Lorsque le Sénégal accède à son indépendance en 1960, c’est un système politique inspiré de celui de la France qui est mis en place avec un Président du Conseil de la République (Mamadou Dia) qui a d’importants rôles et un Président de la République (Léopold Sédar Senghor) aux pouvoirs limités.

L’opposition de Dia contre ceux qu’il appelait les « sociétés indigènes de prévoyance » et la proximité de Senghor avec les occidentaux ont notamment conduit à la crise de 1963 par laquelle Dia fut emprisonné pour « tentative de coup d’Etat ». Suite à un référendum, une nouvelle constitution hyper présidentialiste fut adoptée par Senghor qui soumet, par la même occasion, le pouvoir judiciaire et celui législatif au contrôle exclusif du Président de la République qu’il était. Bobou laniou dé !

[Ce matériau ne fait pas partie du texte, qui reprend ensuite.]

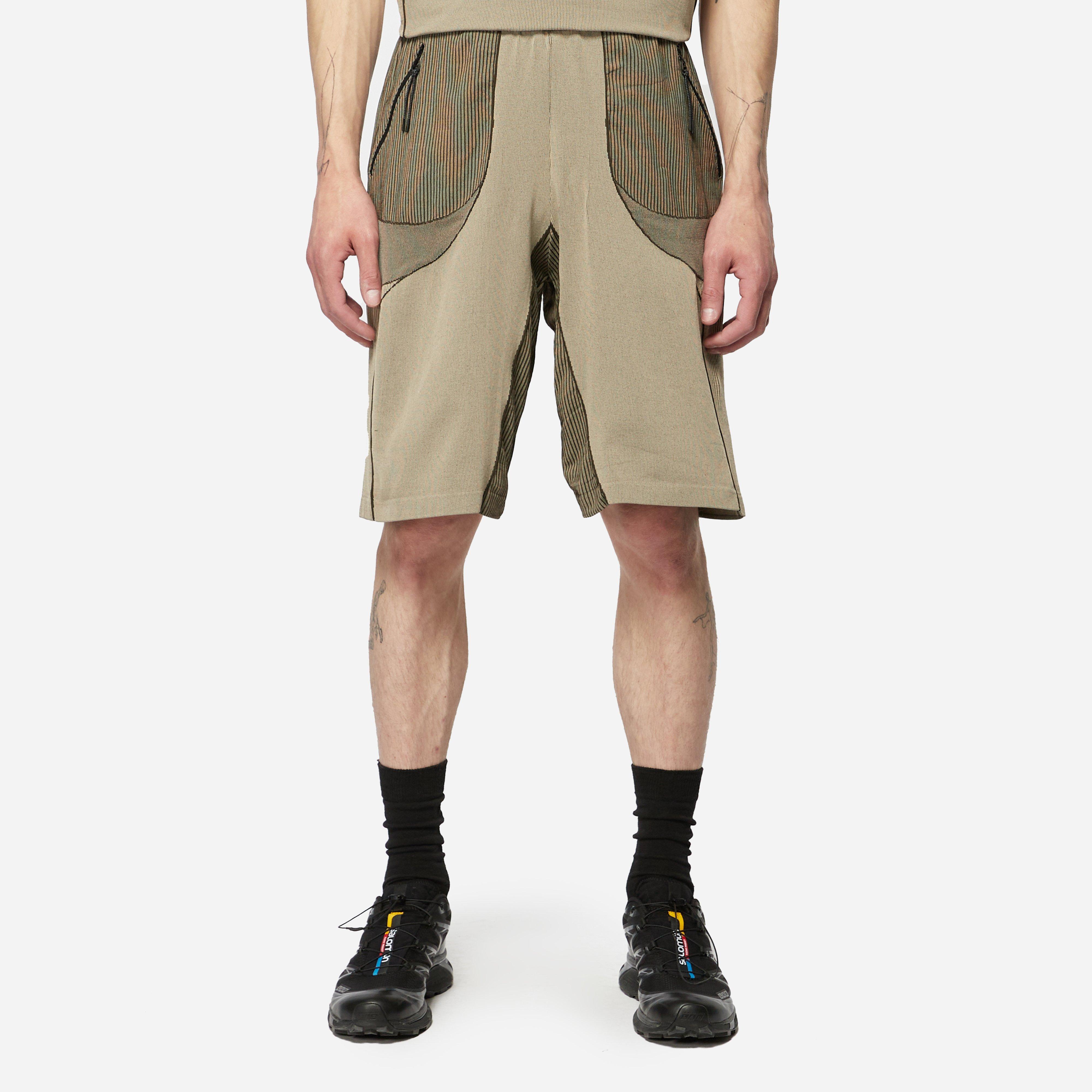 L-A.L is garnering attention at the forefront of innovation within the genre of technical avant-garde clothing. The Gelder Short is made in Italy from a technical, sweat-wicking yarn and designed with considered details like rear mesh panelling for air circulation and a reinforced construction at key areas. Green - 95% polypropylene, 5% elastane - Elastic drawstring waist - Made in Italy - Mesh panels - Regular fit, take your normal size - Model is 6'1" and wears a medium - Waist size guide not stretched (in.) - XS/S=30, M/L=31.5, XL/XXL=33."

Depuis, les hommes politiques se relaient au pouvoir, se remplissent les poches, créent quelques milliardaires partisans et peu méritant mais travaillent surtout pour les intérêts des occidentaux alors que le Sénégal sombre de plus en plus dans la pauvreté. Faut voir aujourd’hui à quel point notre économie est dominée par des forces étrangères.

En analysant l’équilibre des pouvoirs et sans aucune volonté de dédouaner le maire de Dakar, l’affaire Khalifa Sall, dernier scandale politico-judiciaire, a au moins fini de montrer que nous avons une justice sélective. Où est passé le rapport de l’OFNAC ? Que sont devenus ces pontes du pouvoir épinglés par ledit rapport ? Motus et bouche cousue.

Faites un tour à l’hémicycle pour constater le niveau des débats ou suivez le passage des ministres devant les « représentants du peuple » pour vous rendre compte de combien ils « représentent le Président ». C’est juste pathétique !

Le bâton se retourne souvent vers son maître (23 juin 2012)

Sommes-nous devenus machiavéliques ?

Cela en a tout l’air. Emile disait qu’ « Il faut étudier la société par les hommes, et les hommes par la société : ceux qui voudront traiter séparément la politique et la morale n’entendront jamais rien à aucune des deux». Cette recommandation montre qu’on devrait pouvoir faire avec la « real politique », comme dit mon professeur Djitté, sans pour autant perdre une certaine exigence éthique, socle d’une autre conception, à la fois idéaliste et fondatrice de toute perspective républicaine, qu’est d’envisager les hommes non plus tels qu’ils sont mais tels qu’ils pourraient être.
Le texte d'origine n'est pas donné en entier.